If taxes are included in price, the consumer can just look at the price and compare rather than jumping through the additional mental hoop to determine if one item is subject to sales tax, and what its price is in tgat case.
It's one of those things that's advocated by tax-haters and seems like it might do what they say it does, but in practice just makes life more annoying while doing nothing useful. See also: having to manually file taxes, no matter how simple.
It's not about the consumer. The price is listed before tax to manipulate you into feeling like it's cheaper. If they add tax while you check out, you're basically already committed to purchasing the product.
If you have two items and sales taxes are included in the price of one but not the other, the only way you can know which one has the taxes on it is to go look at some government website that lists all of the categories the tax applies to and those it does not.
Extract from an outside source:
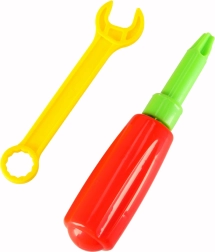 Bērni var skrūvēt kā īsti meistari ar drošu bateriju urbi, skrūvgriezi un atslēgu – lieliski motorikas treniņam.
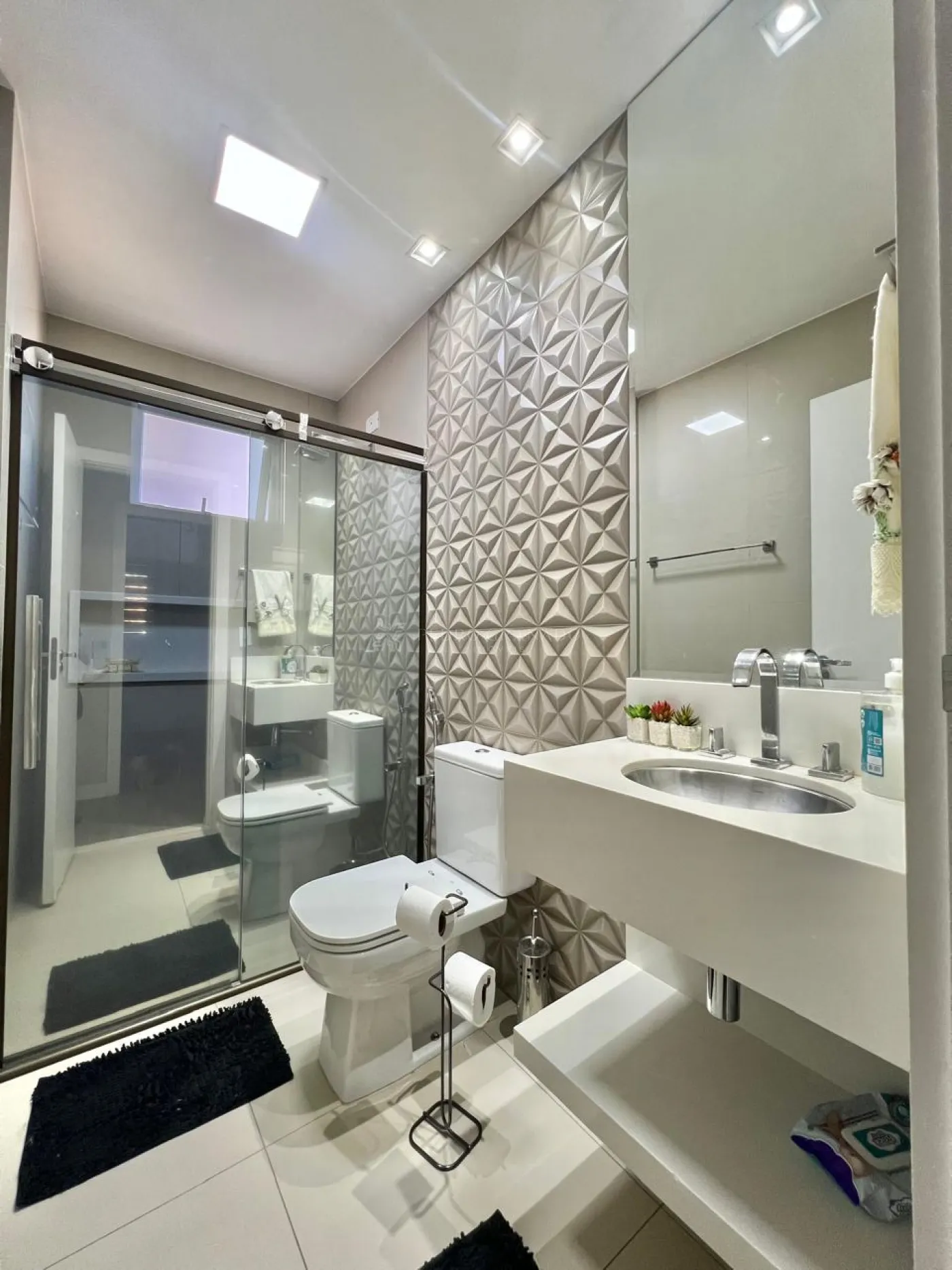 Banheiro Social com box blindex, espelho

On the other hand, if the taxes are not included in prices then you will see which one has taxes at checkout and elect not to purchase the item with taxes, preferring the item without taxes.
Furthermore, with taxes included in prices you are more susceptible to unscrupulous vendors charging taxes that should not be applied and pocketing the extra margins. One example of that is with the manufacturer of Niche coffee grinders charging VAT to international customers and pocketing the extra margin.
> On the other hand, if the taxes are not included in prices then you will see which one has taxes at checkout and elect not to purchase the item with taxes, preferring the item without taxes.
Why would you care? Having taxes included in sticker prices doesn’t change how much it costs you, only what percentage goes to your government. The only situation where not including taxes is potentially useful is when you explicitly don’t want to pay taxes, but you’re still happy to pay a higher price, if it means less money to the government.
Also in Europe we have a very simple solution to this problem. Every price tag has two numbers. The number in big font includes taxes, the little number underneath is without taxes. If you’re desperate to avoid giving cash to the government, then you just need to find items with the smallest delta between the two numbers. Retailers are also obliged to display both numbers, and provide a tax breakdown on your receipt, so you penny pinch your taxes to your hearts content.
> the only way you can know which one has the taxes on it is to go look at some government website
In Europe the tax is listed separately on the bill by law, no need to visit any website.
The amount of tax charged isn't hidden in Europe, it's just that the most prominent number is the total sum. The pre-tax part and all the taxes are also available separately for your information.
If taxes are included in price, the consumer can just look at the price and compare rather than jumping through the additional mental hoop to determine if one item is subject to sales tax, and what its price is in tgat case.